The Andalusian case illustrates both layers; it does not exhaust the pattern, and the granular reconstruction that the case in its specificity would require is beyond the present scope. The analytic point, however, is generalisable. The combination of underfunded pre-university public education and fiscally compressed FP — read against the background of the broader disinvestment of public-sector intellectual infrastructure — has the predictable effect of narrowing the social base from which the subsequent stages of the system, including the universities, draw their students and their staff (Lillo Cea and Bertilsson, 2025; Xiang and Chiu, 2024). Pre-university defunding, sustained across decades, is the lower stratum of the same process whose upper stratum is the political assault on universities (Zarifa et al., 2026). It is invisible because it operates slowly and unevenly; it is consequential precisely for that reason.

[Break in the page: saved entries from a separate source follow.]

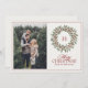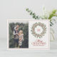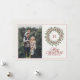 Elegante Weihnachtsfotokarte mit einem festlichen Weihnachtskranz mit einem individuell anpassbaren Monogramm in der Mitte und dem klassischen roten Drehbuch "Frohe Weihnachten". Auf der Rückseite ist Platz für Feiertagsgruß vorhanden - Sie können die Standardnachricht behalten, Ihre eigene schreiben oder ganz entfernen, um ein minimalistisches, rein frontales Design zu erhalten. Ein zeitloser Weg, warme Weihnachtswünsche mit Familie und Freunden zu teilen.
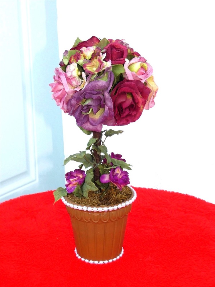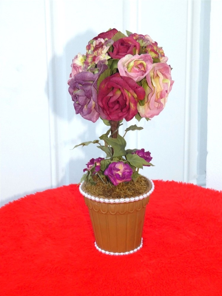 SIlk Flower Rose Topiary Tree Artificial Floral Shabby Cottage Victorian Silk Flower Rose Topiary Tree Multicolored Roses with green leaves In a Tan Resin Pot Has flux pearls around the pot top and bottom Measures: 13 inches tall 7 inches wide on top Would look great in any room Victorian or Shabby Chic Cottage Style In very good contrition PLEASE SEE PHOTO FOR MORE DESCRIPTION COMES FROM A SMOKE FREE HOME THANKS FOR LOOKING COME AND SEE MY other items Powered by SixBit's eCommerce Solution
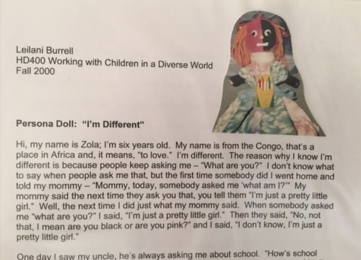 When I was a student at Pacific Oaks College in Pasadena more than 20 years ago, studying for my undergraduate degree in human development, I was assigned to create a "persona doll."
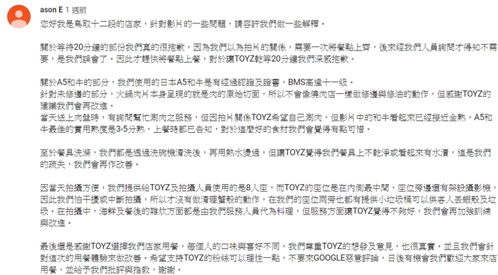 壽喜燒店評價影片一出後,又再度引來網友議論,認為Toyz將肉煮太熟,本來口感就會不好,而店家也親自出面回應Toyz覺得不優的部分,也承諾有些地方會再改善,並謝謝Toyz的批評指教。
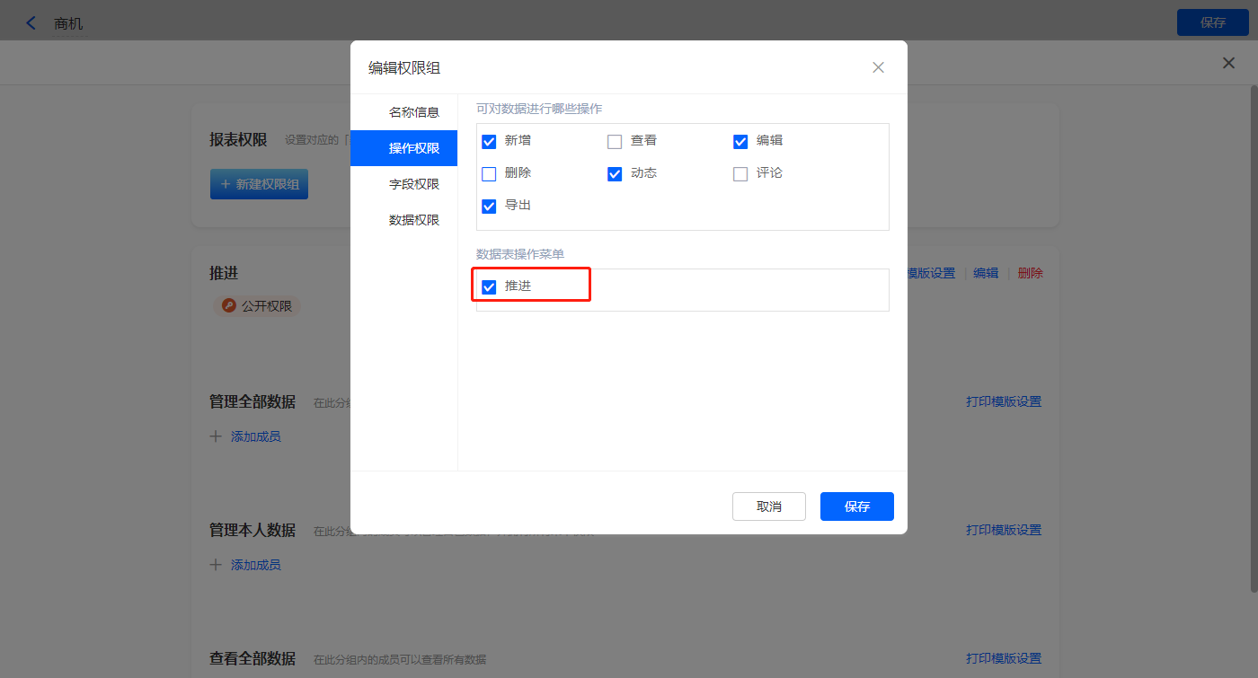 2)新增数据表菜单栏【推进】;
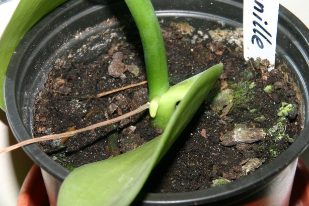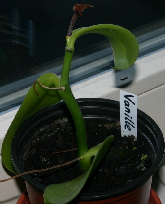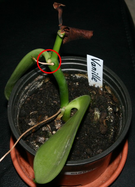 Deze stek was de top van mijn eerste vanilleplant die ik een paar maanden geleden had afgeknipt. De jongste blaadje is afgestorven, maar bij de onderste knoop zie je het begin, van wat ik denk een worteltje gaat worden. |
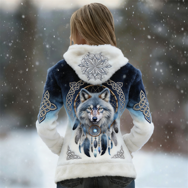 Vintage Wolf Dream Catcher Celtic Gradient Cozy Plush Hoodie

There is a further irony worth naming. The political formations most consistently hostile to expert authority — those whose rhetoric identifies climate scientists as ideological partisans, public health officials as instruments of social control, and academic institutions as engines of elite reproduction — have historically drawn their electoral base from precisely the social strata whose economic standing depended on the mid-level technical qualifications that FP (formación profesional: Spain’s vocational education and training pathway) systems exist to provide. Anti-intellectualism, as the empirical literature makes clear, is not a targeted scepticism directed at particular domains of expertise; it is a generalised disposition against the epistemic authority of trained knowledge as such (Merkley, 2020). That disposition is no less corrosive when applied to the skilled competences of the electrician, the industrial technician, or the healthcare assistant than when applied to the climate scientist. The defunding of the system that produces those competences is, on this reading, not a betrayal of the movement’s working-class constituency that contradicts its anti-intellectual posture: it is a consequence of it. Performative solidarity with the industrial worker coexists, structurally, with indifference to the institutional conditions under which the next generation of industrial workers is formed (Norris and Inglehart, 2019; Oesch and Rennwald, 2018).

7.4.2 Curriculum, public attention, and the displacement of the educational debate

The politicisation of curriculum has returned, in much of the anglophone world and parts of continental Europe, to a level of visibility that it had not had since the 1980s. In the United States, state-level legislation restricting how race, sexuality and gender may be taught has become a routine instrument of partisan politics Norris and Inglehart (2019); in the United Kingdom, debates over the place of religious education and over the framing of contested historical episodes have acquired a public temperature out of proportion to their educational stakes (Adams, 2021); in Spain, attempts to introduce parental veto over curricular content (the pin parental episodes) have served as test cases for the broader far-right contestation of public education as such (Caraballo, 2025).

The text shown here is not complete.